One in three practices were assessed to be less than Fit (albeit against a quite stringent judging criteria) and 19% were rated as Poor or Average Health.

So what is contributing to these results? Of course it is always dangerous to generalise, and each business is unique and hence the challenges and solutions will vary between practices, we were able to identify the following flaws in many operational compliance regimes.

In the case of a dispute (and if a client’s recollection is different to the adviser’s), the quality of the file notes can bolster or destroy a case – let’s hope this does not become an expensive problem for the one in four advisers who are not currently file noting all of their client interations.

And, while such action is thankfully quite unlikely, in the situation where the original adviser has subsequently left the business, thorough files notes will allow someone else within the practice to deal confidently and competently with the client.

While outsourcing certain operations can be a prudent and cost effective business model, the practice principals still remain ultimately responsible for what their outsource partners do.
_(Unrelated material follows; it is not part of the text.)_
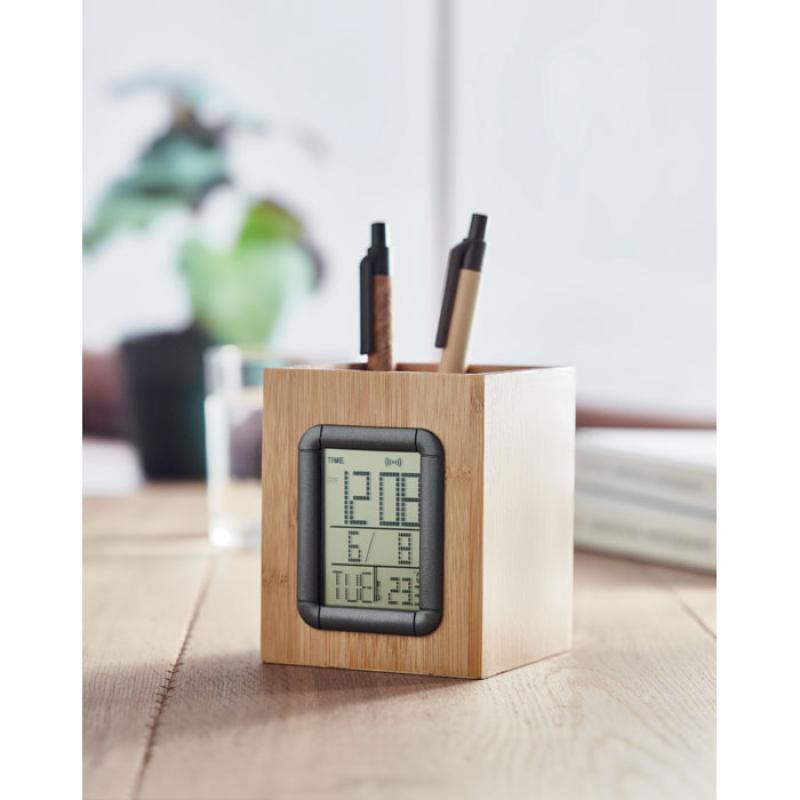 Bambusowy pojemnik na długopisy z kalendarzem, budzikiem i termometrem. Dołączone 2 baterie. Bambus jest produktem naturalnym, dlatego mogą wystąpić nieznaczne różnice w kolorze, wzorze i rozmiarze.

They need to ensure that they can demonstrate that they have in place appropriate measures and processes to select suitable providers; monitor their performance and deal with any actions which may lead to a service breach. It becomes incredibly difficult (if not impossible) to do this if the relationship is not underpinned by a signed agreement.

Regardless of the FoFA reforms that are eventually passed into law, every licensee and advisory practice in the country will need to review their business systems and process and ensure they are operating within the requirements of the new framework. This may also present the ideal opportunity for them to address these issues.